PNS Shamsheer (FFG-252) is the second F-22P Zulfiquar-class guided missile frigate currently in active service with the Pakistan Navy since her commissioning in 2009.

Operational history

Shamsheers steel cutting was held at the Hudong–Zhonghua Shipbuilding in Shanghai, China on 13 July 2007– the official date of her keel laying. She was officially launched on 31 October 2008, completing a number of sea trials in China. On 19 December 2009, she was commissioned in the Pakistan Navy in China, with Adm. Numan Bashir, then-Chief of Naval Staff (CNS), sponsoring and overseeing the commissioning of the ship from China.

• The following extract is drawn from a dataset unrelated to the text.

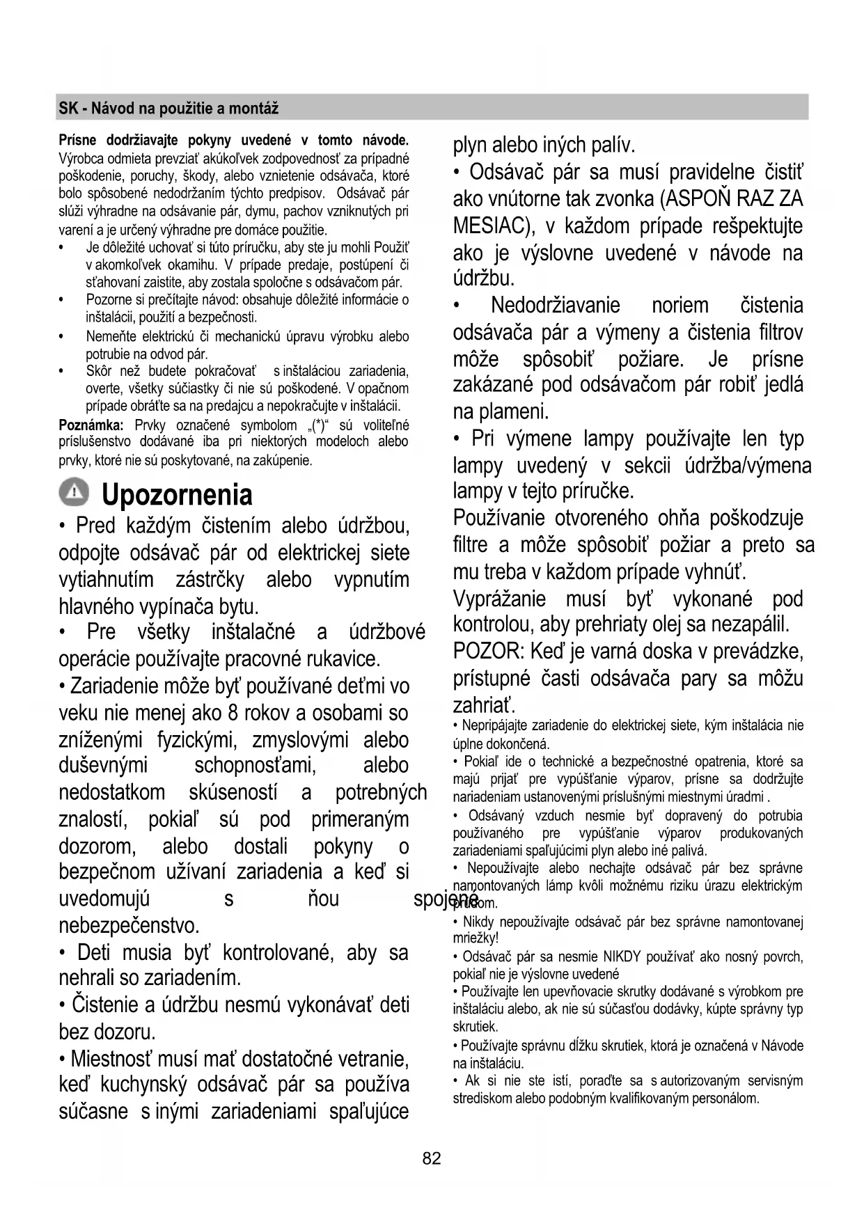 - Miestnosť musí mať dostatočné vetranie, keď kuchynský odsávač pár sa používa súčasne s inými zariadeniami spaľujúce plyn alebo iných palív.

She is the namesake of Shamsheer, which means Sword and is a special type of sabre with a 5–15° curve from top to tip. Upon commissioning, she embarked on a long journey from Shanghai, China to Karachi, Sindh, and later paying a four-day state visit to Port of Colombo in Sri Lanka.

On 23 January 2010, Shamsheer reported to her home base, Naval Base Karachi. Upon her arrival at the Naval Base, a celebrating reception was held at the deck of the Shamsheer, attended by Chinese Vice Admiral Tian Zhong and Vice-Admiral Asif Sandila, Vice Chief of Naval Staff.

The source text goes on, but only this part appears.